What Are Your Rights As A Nomadic Employee?
Digital nomads are making the world their oyster, and their workplace. According to MBO Partners’ State of Independence In America report, 4.8 million workers currently consider themselves digital nomads. Another 1.7 million aspire to be digital nomads one day. By 2035, that number will surpass 1 billion. Besides the adventure and financial freedom you can gain while traveling, working as a nomadic employee can also boost your productivity, personal wellbeing, and work-life balance. However, if you plan to work as a digital nomad or traveling freelancer, the rules of the workplace can be different. Whether you are classified as a self-employed contractor or a full-time employee, here is a quick guide to your rights as an employee on the go.

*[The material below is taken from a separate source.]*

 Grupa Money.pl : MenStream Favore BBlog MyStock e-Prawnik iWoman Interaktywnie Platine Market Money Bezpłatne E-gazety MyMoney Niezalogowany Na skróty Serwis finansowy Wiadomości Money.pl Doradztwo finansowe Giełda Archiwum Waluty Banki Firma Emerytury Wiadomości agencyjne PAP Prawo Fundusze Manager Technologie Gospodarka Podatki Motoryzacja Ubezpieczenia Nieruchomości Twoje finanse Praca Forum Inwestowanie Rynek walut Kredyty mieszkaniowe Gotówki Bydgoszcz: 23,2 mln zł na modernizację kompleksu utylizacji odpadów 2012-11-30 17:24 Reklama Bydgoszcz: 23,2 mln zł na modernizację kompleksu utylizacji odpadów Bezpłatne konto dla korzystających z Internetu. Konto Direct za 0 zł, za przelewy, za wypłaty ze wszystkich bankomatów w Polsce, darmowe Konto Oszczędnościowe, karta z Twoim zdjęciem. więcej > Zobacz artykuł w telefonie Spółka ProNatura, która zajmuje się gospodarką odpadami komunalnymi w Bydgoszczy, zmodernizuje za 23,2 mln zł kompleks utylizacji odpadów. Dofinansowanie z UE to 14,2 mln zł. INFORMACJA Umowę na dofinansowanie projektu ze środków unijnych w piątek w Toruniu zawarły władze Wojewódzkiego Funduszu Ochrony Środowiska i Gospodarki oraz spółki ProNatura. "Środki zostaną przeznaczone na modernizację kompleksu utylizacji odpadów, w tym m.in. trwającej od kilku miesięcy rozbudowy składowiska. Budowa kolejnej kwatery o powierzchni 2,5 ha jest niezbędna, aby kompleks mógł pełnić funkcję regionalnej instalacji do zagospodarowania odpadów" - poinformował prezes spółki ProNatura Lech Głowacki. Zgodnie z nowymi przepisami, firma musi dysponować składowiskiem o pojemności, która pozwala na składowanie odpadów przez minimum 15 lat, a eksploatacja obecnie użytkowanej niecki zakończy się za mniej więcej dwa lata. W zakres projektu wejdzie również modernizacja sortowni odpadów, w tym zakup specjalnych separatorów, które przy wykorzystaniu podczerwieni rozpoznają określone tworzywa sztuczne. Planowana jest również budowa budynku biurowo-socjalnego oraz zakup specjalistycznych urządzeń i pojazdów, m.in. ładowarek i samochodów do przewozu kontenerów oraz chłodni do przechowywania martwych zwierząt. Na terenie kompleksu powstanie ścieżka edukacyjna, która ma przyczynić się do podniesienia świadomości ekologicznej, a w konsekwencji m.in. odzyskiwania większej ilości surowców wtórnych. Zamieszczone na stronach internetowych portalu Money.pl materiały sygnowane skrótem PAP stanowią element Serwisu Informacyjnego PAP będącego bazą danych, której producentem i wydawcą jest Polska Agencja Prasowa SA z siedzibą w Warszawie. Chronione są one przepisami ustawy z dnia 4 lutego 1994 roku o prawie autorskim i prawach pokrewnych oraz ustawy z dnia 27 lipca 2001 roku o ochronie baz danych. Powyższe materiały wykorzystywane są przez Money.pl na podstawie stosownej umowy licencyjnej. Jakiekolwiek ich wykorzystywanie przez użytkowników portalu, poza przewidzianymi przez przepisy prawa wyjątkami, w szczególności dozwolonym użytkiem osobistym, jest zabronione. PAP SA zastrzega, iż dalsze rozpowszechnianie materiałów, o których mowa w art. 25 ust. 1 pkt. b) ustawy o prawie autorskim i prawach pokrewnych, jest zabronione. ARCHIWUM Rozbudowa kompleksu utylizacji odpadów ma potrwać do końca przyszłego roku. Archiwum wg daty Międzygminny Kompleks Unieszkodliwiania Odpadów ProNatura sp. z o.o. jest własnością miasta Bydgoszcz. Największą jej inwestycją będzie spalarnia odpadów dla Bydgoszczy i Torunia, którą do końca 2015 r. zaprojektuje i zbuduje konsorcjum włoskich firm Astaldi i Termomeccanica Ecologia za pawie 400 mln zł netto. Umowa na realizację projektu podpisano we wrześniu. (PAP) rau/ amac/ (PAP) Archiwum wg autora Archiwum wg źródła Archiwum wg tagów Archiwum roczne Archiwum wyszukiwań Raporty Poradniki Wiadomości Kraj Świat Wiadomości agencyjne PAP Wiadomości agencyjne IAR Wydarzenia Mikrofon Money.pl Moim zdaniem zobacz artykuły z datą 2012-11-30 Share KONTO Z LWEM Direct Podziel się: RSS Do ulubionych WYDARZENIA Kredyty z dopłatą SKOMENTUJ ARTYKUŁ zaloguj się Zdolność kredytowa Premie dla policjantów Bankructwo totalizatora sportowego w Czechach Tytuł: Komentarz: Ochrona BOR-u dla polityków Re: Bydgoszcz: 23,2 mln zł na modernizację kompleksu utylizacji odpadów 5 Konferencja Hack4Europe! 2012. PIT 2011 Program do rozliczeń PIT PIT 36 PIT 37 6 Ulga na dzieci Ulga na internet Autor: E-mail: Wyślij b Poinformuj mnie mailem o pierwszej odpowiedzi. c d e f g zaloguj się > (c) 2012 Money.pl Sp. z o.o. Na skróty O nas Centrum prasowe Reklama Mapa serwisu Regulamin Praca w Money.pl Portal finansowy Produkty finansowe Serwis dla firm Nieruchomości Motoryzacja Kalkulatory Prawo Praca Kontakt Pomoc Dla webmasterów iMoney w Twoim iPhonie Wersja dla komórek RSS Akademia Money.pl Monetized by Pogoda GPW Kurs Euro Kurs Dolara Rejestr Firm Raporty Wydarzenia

Your Tax Obligations In Your Country Of Origin And Travel
One of the trickiest parts of being a nomadic worker is clarifying your taxation earning when you are constantly traveling. Being on the move often means your place of earning shifts and therefore, the country where you are obligated to pay tax can also change according to local rules. This affects independent contractors who are responsible for paying their income tax. It can also impact employers if you are classified as an employee since they will be liable for taxes such as social security, income tax, or PAYE.
It is best to check the individual regulations of your country like the timeline for levying income tax or worker employee visa applications. For instance, in Estonia, there is now a Digital Nomad Visa which grants nomad workers permission to live and work in Estonia for up to 1 year as a remote worker. However, to be eligible to pay tax, you must be considered an Estonia Tax resident. Criteria for this include spending at least 183 days over 12 months in the country or having a place of residence in Estonia, according to the Estonian Income Tax Act. If you do not qualify as a tax resident in the country, your tax obligations include a 20 percent personal income tax charge.

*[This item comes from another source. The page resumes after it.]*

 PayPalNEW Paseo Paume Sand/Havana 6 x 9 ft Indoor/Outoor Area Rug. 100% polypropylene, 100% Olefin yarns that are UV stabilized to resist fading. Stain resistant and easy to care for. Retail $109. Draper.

Employer-Provided Benefits And Coverage
Your classification as a contractor or employee will determine your rights to employee benefits like a workplace pension and worker’s compensation. For some benefits like worker’s compensation, your business’ or employer’s location will impact your workers comp rates. For instance, in the state of Alaska, the highest workers’ comp rate is $15.85 per $100 in payroll. However, in Indiana, it is about half of that at $7.69 per $100 in payroll.
Most digital nomads tend to be self-employed or freelancers. This means you are responsible for health insurance, worker’s compensation, and a personal pension scheme. However, if you are classified as a full-time employee on the business payroll, then employers are legally obligated to provide you with a few standard employee benefits like worker’s compensation coverage and Social Security. Company policy and regulations of the country of incorporation also determine your rights to employee benefits.

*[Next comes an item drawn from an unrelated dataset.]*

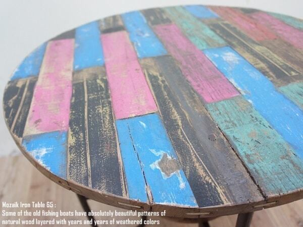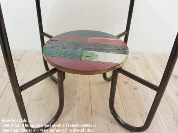 1点物 カラフルなアイアンテーブル 古材天板 65MZ04 無垢材 円卓 工業系 ボート古材 古木 リサイクルウッド

The Presence Of Employee Discrimination And Equality
While you may think employee discrimination declines with out of office working arrangements, discrimination is still a challenge faced by the remote workforce, including nomadic workers. Even though you may be working as a remote worker, the federal and regional laws on employee discrimination remain in full effect. This means businesses are expected to make reasonable accommodations for special needs employees based on the Americans with Disabilities Act.
Finally, telecommuting employees (not freelancers or independent contractors) are also entitled to coverage under the Fair Labor Standards Act (FLSA). The FLSA dictates employee rights for minimum wages and overtime. According to the FSLA, employers are required to pay you at least the minimum wage and overtime if you work more than 40 hours in a week. For remote workers, your hours may be flexible but with the right time logging practices, your employer should be able to establish your hours worked. So even though you may be traveling while working and may not work the standard 9 to 5, you are still entitled to coverage under the wage and hours laws, including when it comes to overtime worked. Employers can utilize timekeeping tools for remote workers to accurately keep track of employee hours worked if there is no standardized clock-in system in place.
With more companies embracing the digital age and the innovation of technology, you no longer have to spend your workweek in an office. Finding out your rights as a nomad worker could be the first step towards exploring the world, and maintaining your dream career while doing it.